*** Recorded information ***
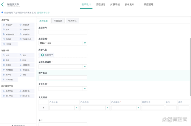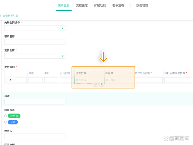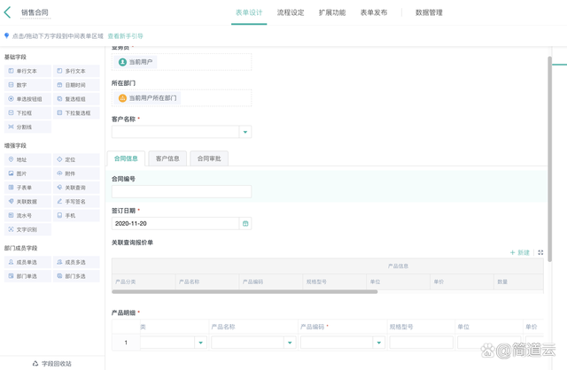 低代码平台搭建系统,将简单点就是利用好表单和流程表单,以及生成的数据。搭建之前先明确,销售过程需要:敲定价格、合同签订、发货退货以及库存统计。因此我们也需要设计这四类表单及流程表单,具体字段设计这里就不详细讲解。
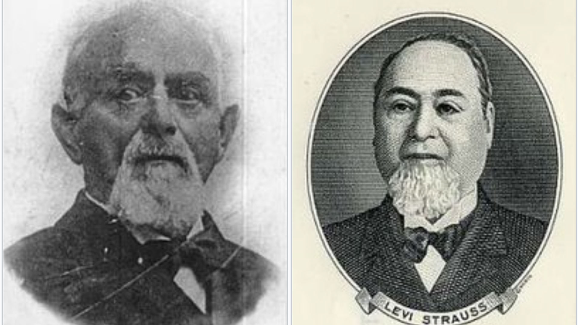 Ο Levi Strauss, ένας Βαυαρός μετανάστης, έφτασε στο Σαν Φρανσίσκο την εποχή του Πυρετού του Χρυσού, με αρχική πρόθεση να πουλήσει «ξηρά είδη» σε ανθρακωρύχους. (Στην Αμερική ως τέτοια λογίζονταν τα υφάσματα, τα έτοιμα ρούχα, αλλά και προϊόντα όπως ο καπνός, η ζάχαρη, το αλεύρι και το αλάτι. Πάντως ο Strauss εμπορευόταν κυρίως υφάσματα.) Σε αυτό το πολυσύχναστο περιβάλλον, ο Strauss συνάντησε τον Jacob Davis, έναν ράφτη που αγόραζε συχνά υφάσματα από την επιχείρηση χονδρικής πώλησης του Strauss. Ο Davis κατασκεύαζε ανθεκτικά παντελόνια εργασίας για ανθρακωρύχους και είχε επινοήσει μια μέθοδο ενίσχυσης των «σημείων πίεσης» των παντελονιών με χάλκινα πριτσίνια (rivets). Αναγνωρίζοντας τις προοπτικές αυτής της καινοτομίας, ο Davis προσέγγισε τον Στράους για οικονομική υποστήριξη ώστε να εξασφαλίσει δίπλωμα ευρεσιτεχνίας.
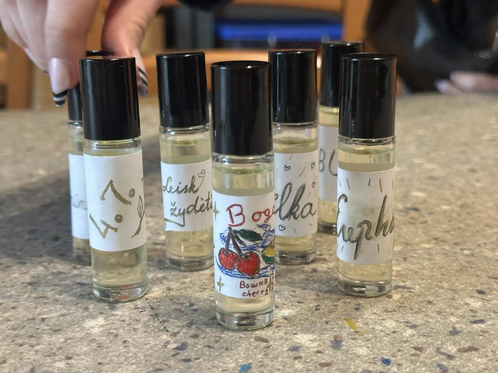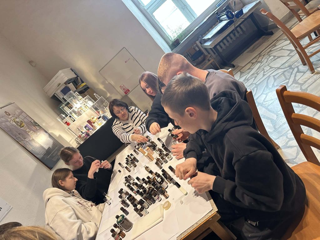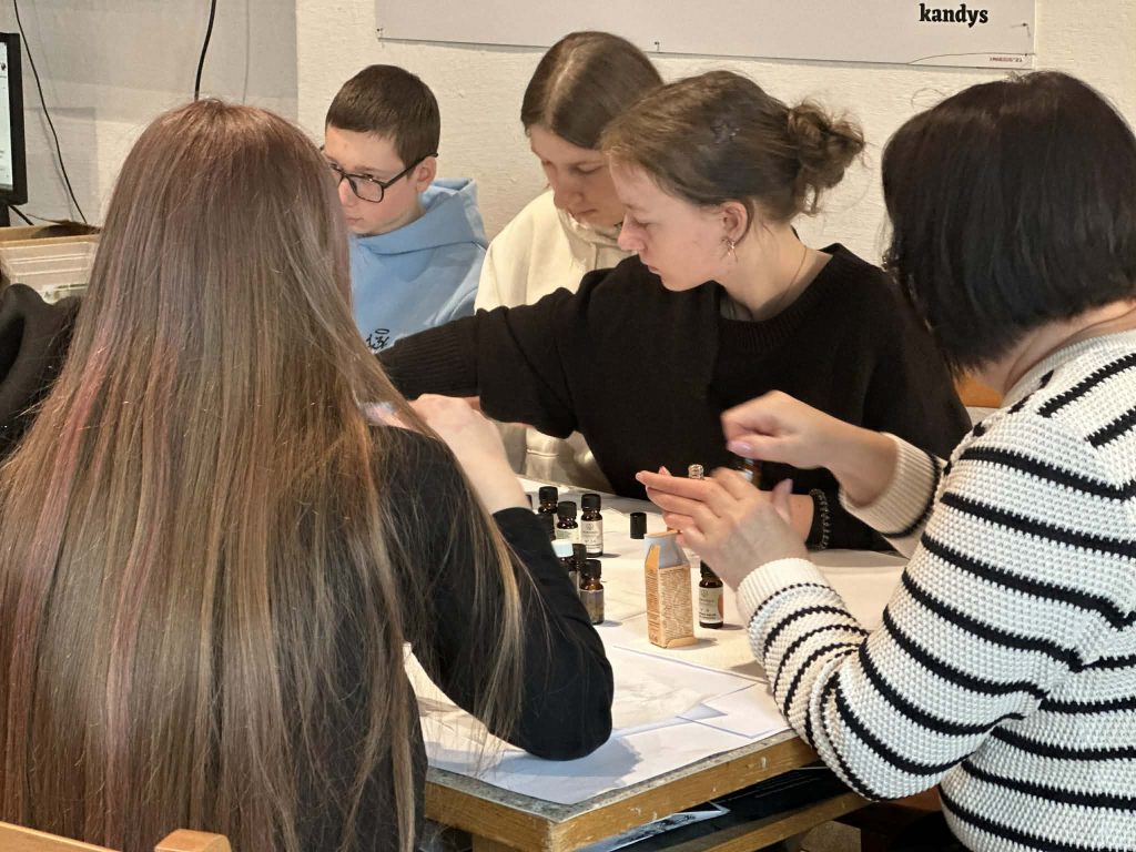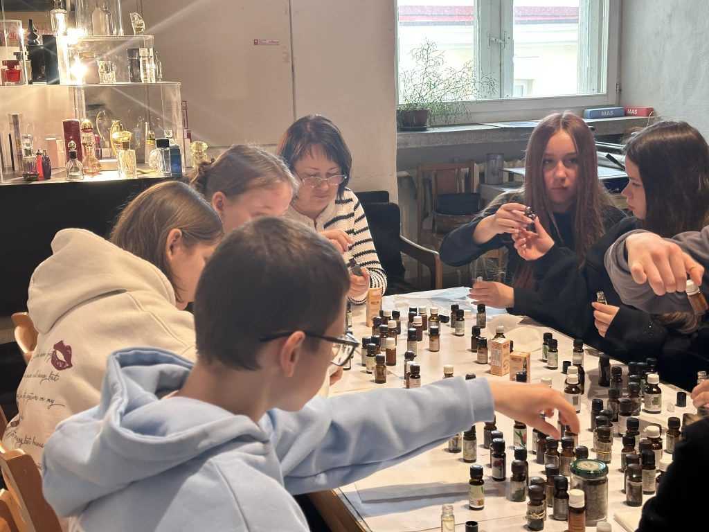 Balandžio 7 dieną I G klasės mokiniai turėjo galimybę patys prisiliesti prie šio išskirtinio meno pasaulio dalyvaudami edukacijoje „Kvapas, spalva ir forma“. Gimnazistai kūrė savo unikalius kvepalus iš eterinių aliejų, eksperimentavo su kvapų deriniais ir ieškojo harmonijos tarp skirtingų natų. Kūrybinis procesas tuo nesibaigė – jie taip pat kūrė etiketę savo kvepalų buteliukui, taip suteikdami savo darbui individualumo ir estetinės vertės.
*** End of Recorded information ***
What you have to do:
Transcribe the full listing above exactly as it stands, minus the pictures.

Written solution:
 低代码平台搭建系统,将简单点就是利用好表单和流程表单,以及生成的数据。搭建之前先明确,销售过程需要:敲定价格、合同签订、发货退货以及库存统计。因此我们也需要设计这四类表单及流程表单,具体字段设计这里就不详细讲解。
 Ο Levi Strauss, ένας Βαυαρός μετανάστης, έφτασε στο Σαν Φρανσίσκο την εποχή του Πυρετού του Χρυσού, με αρχική πρόθεση να πουλήσει «ξηρά είδη» σε ανθρακωρύχους. (Στην Αμερική ως τέτοια λογίζονταν τα υφάσματα, τα έτοιμα ρούχα, αλλά και προϊόντα όπως ο καπνός, η ζάχαρη, το αλεύρι και το αλάτι. Πάντως ο Strauss εμπορευόταν κυρίως υφάσματα.) Σε αυτό το πολυσύχναστο περιβάλλον, ο Strauss συνάντησε τον Jacob Davis, έναν ράφτη που αγόραζε συχνά υφάσματα από την επιχείρηση χονδρικής πώλησης του Strauss. Ο Davis κατασκεύαζε ανθεκτικά παντελόνια εργασίας για ανθρακωρύχους και είχε επινοήσει μια μέθοδο ενίσχυσης των «σημείων πίεσης» των παντελονιών με χάλκινα πριτσίνια (rivets). Αναγνωρίζοντας τις προοπτικές αυτής της καινοτομίας, ο Davis προσέγγισε τον Στράους για οικονομική υποστήριξη ώστε να εξασφαλίσει δίπλωμα ευρεσιτεχνίας.
 Balandžio 7 dieną I G klasės mokiniai turėjo galimybę patys prisiliesti prie šio išskirtinio meno pasaulio dalyvaudami edukacijoje „Kvapas, spalva ir forma“. Gimnazistai kūrė savo unikalius kvepalus iš eterinių aliejų, eksperimentavo su kvapų deriniais ir ieškojo harmonijos tarp skirtingų natų. Kūrybinis procesas tuo nesibaigė – jie taip pat kūrė etiketę savo kvepalų buteliukui, taip suteikdami savo darbui individualumo ir estetinės vertės.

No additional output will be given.